Records from a collection
++++
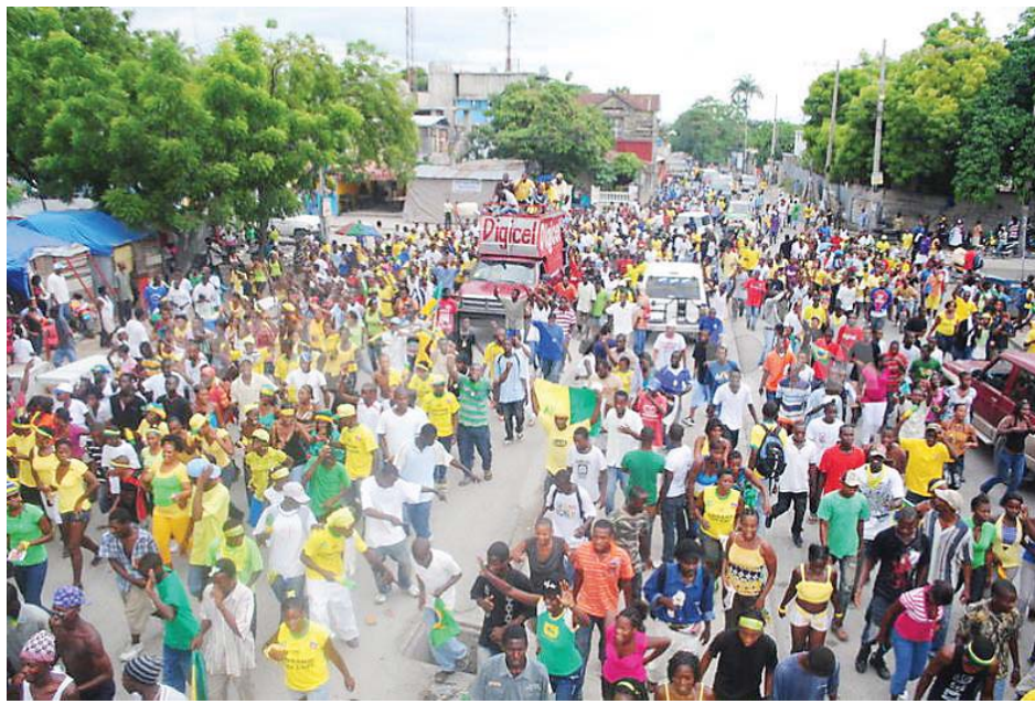
Au lendemain de la dernière manifestation, les mêmes, jeunes, chômeurs, laissés pour compte étaient dans les rues pour fêter la victoire du Brésil sur la Croatie.

Alors, d'un côté on range dans un coin les revendications et récriminations antigouvernementales. Aucune
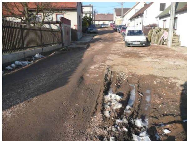
Trvale sjízdná cesta pouze v jednom jízdním pruhu
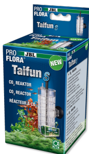
JBL PROFLORA Taifun S Diffuseur de CO2 extensible pour petit aquarium
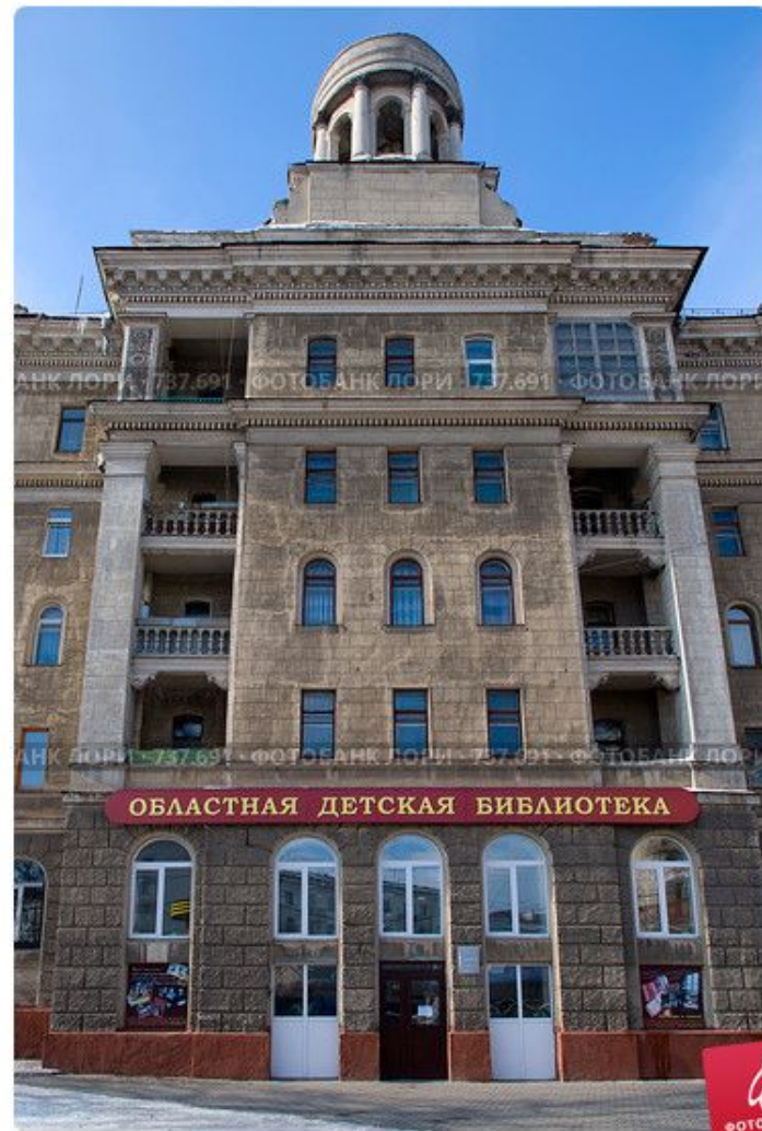
Тула. Областная детская библиотека.
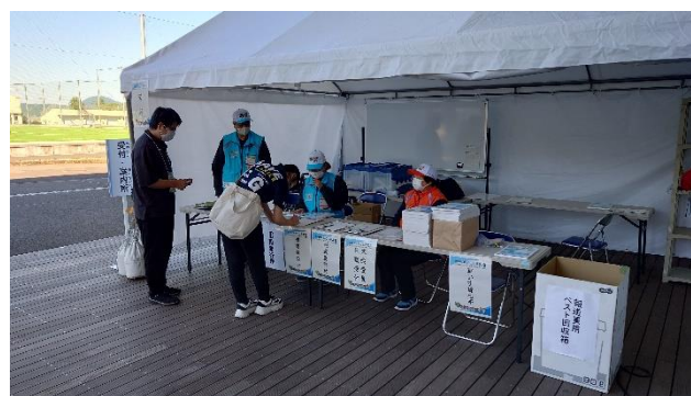
受付・案内所（関係者用）
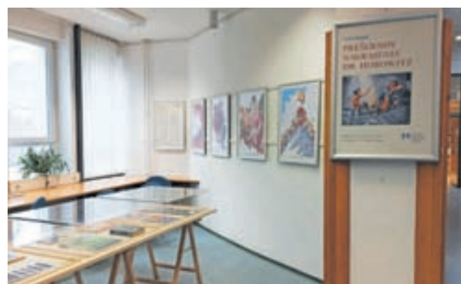
Razstava je na ogled v predverju kamniške knjižnice.
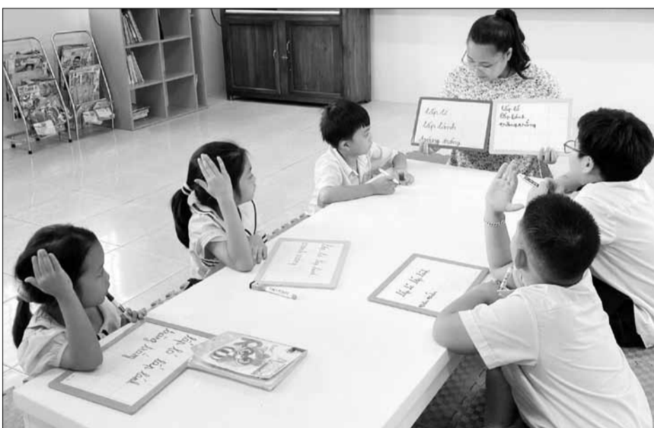
Giáo viên Trường Tiểu học Ngô Gia Tự (quận Sơn Trà) phụ đạo cho học sinh khó khăn để nâng cao kiến thức.
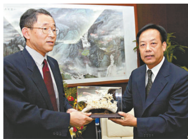
▲東莞市長李毓全（右）向吉田雅治贈送紀念品

至於企業最為關心的「最低工資標準會否提高」，江凌稱這是由廣東省裡決定的，東莞無權提高或降低標準。不過鑑於當前企業的困難，東莞早就向省裡反映情況並希望近期內不要調高。針對現存的口岸基礎設施建設專用資金、污水處理費等幾種行政事業收費問題，江凌坦言，口岸建設費是東莞比較特殊的費用，廣東其他城市確實沒有。收費的同時可提高通關效率，這是當年政府與企業達成的共識。不過考慮到企業現在的困難，東莞已作出決定逐步取消這項收費，今年按以往的九成收取，重點企業則按
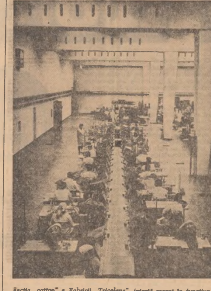
Becia „cotton” a Fabricii „Tricolorana”, intrată recent în funcțiune
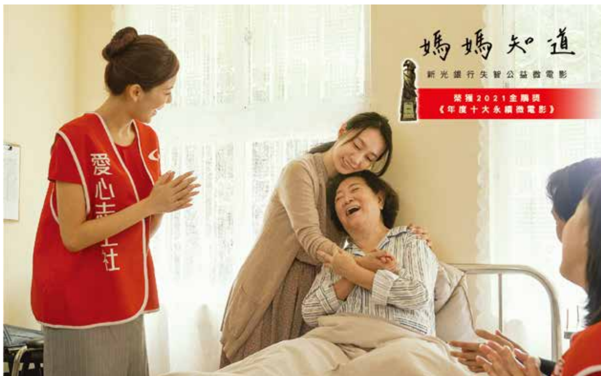
新光銀行善盡企業社會責任，推出公益微電影《媽媽知道》傳達失智友善之理念。
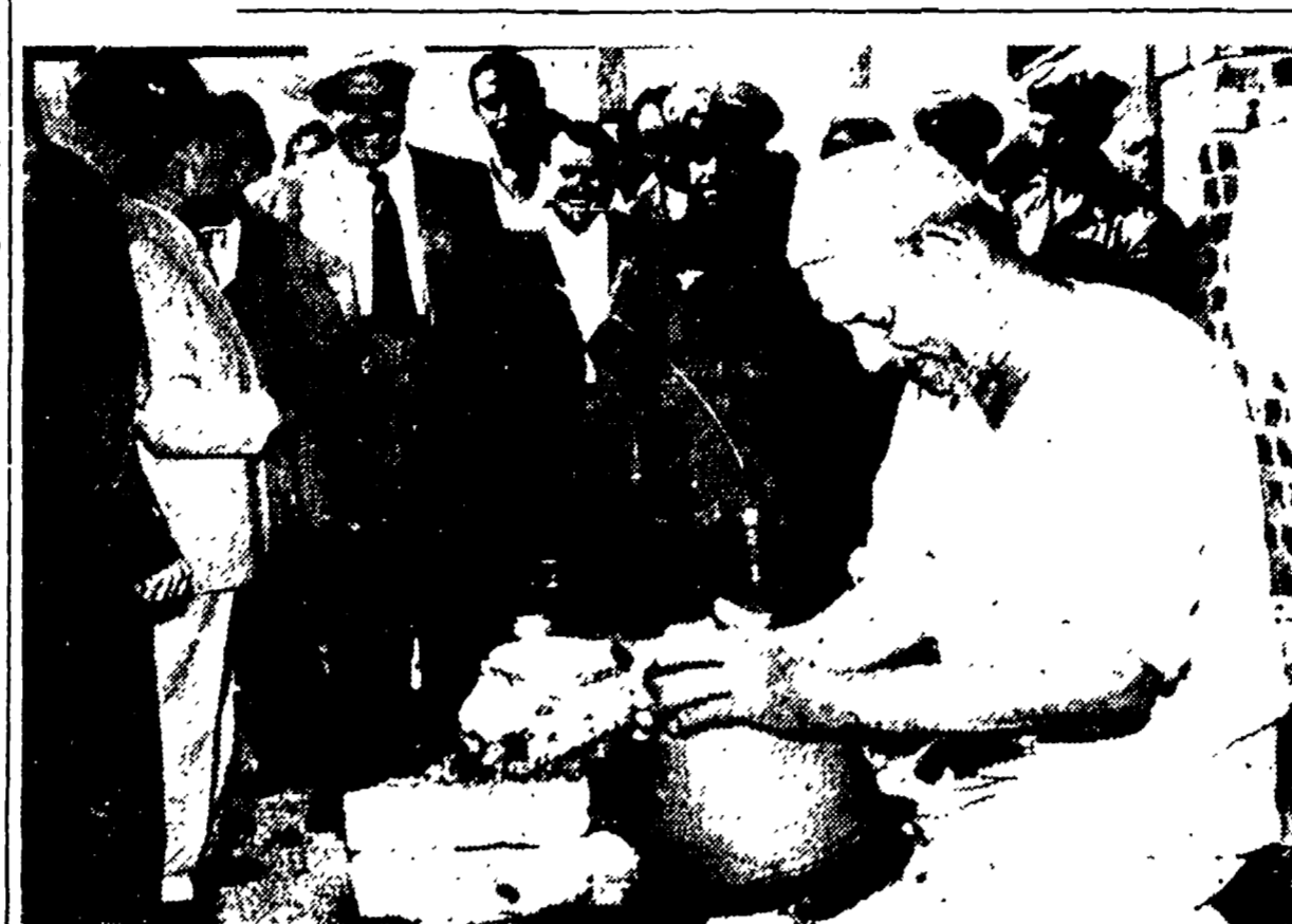
II, CAIRO - Il ministro degli esteri sovietico, Scepilov, visita la bottega di un vasallo

PARIGI, 21. - Pineau rientrerà domani dalla sua rapida tournée negli Stati Uniti e, come testimonia il comunicato conclusivo dei colloqui franco-americani, torna pressoché a mani vuote.
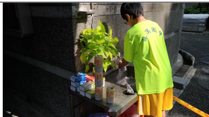
校園積水容器清理
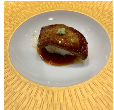
Foie Gras de Canard Poêlé 9,50 €
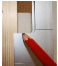
Afb. 21 Onderkant uitsparing
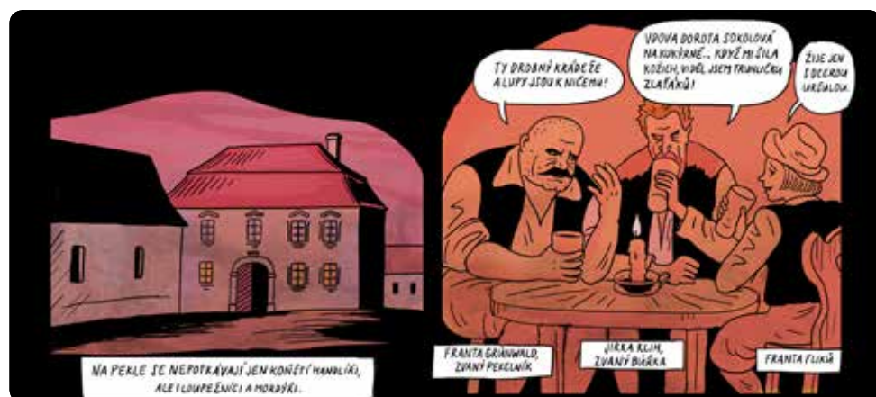
Autor obrázku: Marek Rubec

Posílat finanční příspěvky můžete i přímo na účet spolku Continuum vitae – č. ú. 107-5059170277/0100.
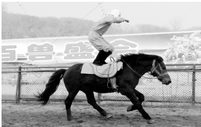
“猴哥”站立马背敢问路在何方
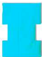
A Type 73(L) x 100(W)

側臥位、特殊な体位形成に（腎臓手術、脳性麻痺の患者や、整形、胸部外科等の体位形成）
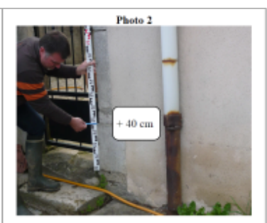
Trace sur la façade

MARQUE Texte : 1 rue Jean Mermoz Bis Maximum de l'inondation : Oui
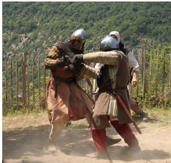
Démonstration de combat
++++
Retype exactly the lines above, starting at the line containing "Afb. 21 Onderkant uitsparing" and ending with the last line, both included; leave out the pictures.

THE ANSWER:
Afb. 21 Onderkant uitsparing
Autor obrázku: Marek Rubec

Posílat finanční příspěvky můžete i přímo na účet spolku Continuum vitae – č. ú. 107-5059170277/0100.
“猴哥”站立马背敢问路在何方
A Type 73(L) x 100(W)

側臥位、特殊な体位形成に（腎臓手術、脳性麻痺の患者や、整形、胸部外科等の体位形成）
Trace sur la façade

MARQUE Texte : 1 rue Jean Mermoz Bis Maximum de l'inondation : Oui
Démonstration de combat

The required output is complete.